I walked outside earlier and noticed that tonight is the most active aurora since I've been here in Alaska. It would be perfect, but for one thing - it's a full moon. The moonlight is so bright compared to the aurora light that long and/or high ISO exposures aren't going to work. This leaves me two options:
1. Mope around because these aren't the conditions I had in mind.
2. Be flexible and find the positive in the conditions I was given.
Well let's see... if I shoot away from the moon, I can use it as a fill light on the trees. And since I'm limited to short exposures anyway, how about trying a time lapse?

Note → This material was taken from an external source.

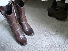 で、レギンスに ウエスタンブーツ
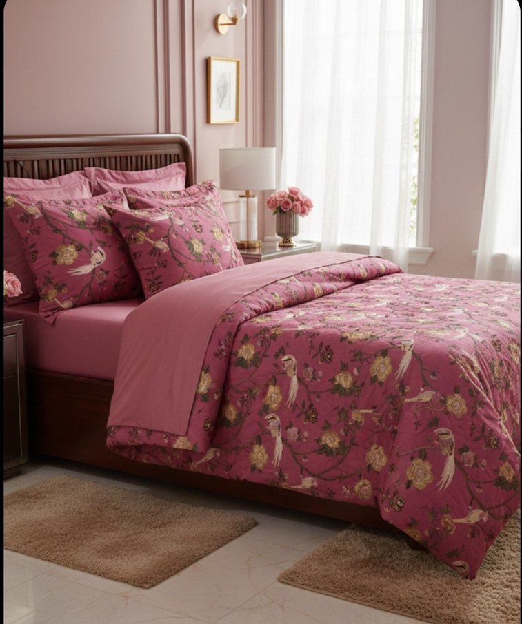Yumuşak kumaş üzerine işlenmiş çiçek ve kuş desenleriyle süslenmiş pembe yatak örtüsü, odaya zarif bir dokunuş katıyor. nakış işlemeli tek kişilik yurt dışından gelme eni 155 cm boyu 190 cm

I've been wanting to show you poor, deprived souls in the lower 48 how the aurora moves, since the still photos, beautiful as they are, don't do it justice.
So I set up the camera in the end of the driveway, where I had a good view of some aurora streams behind the trees, and set it to snap one 4 second exposure every 5 seconds. When the still images are used as movie frames at 30 fps, the result is an hour of real time compressed into 23 seconds of video. Equivalently, you could say this video is sped up to 150x normal speed.
I'm still pretty inexperienced with time lapse. I'd actually like to do this with only about 30x speed up, but that will have to wait for a darker night when I can use higher ISO. Or, maybe until I get a nicer camera. And oh, a wider angle lens would be amazing. Hopefully I can make that one happen before too long.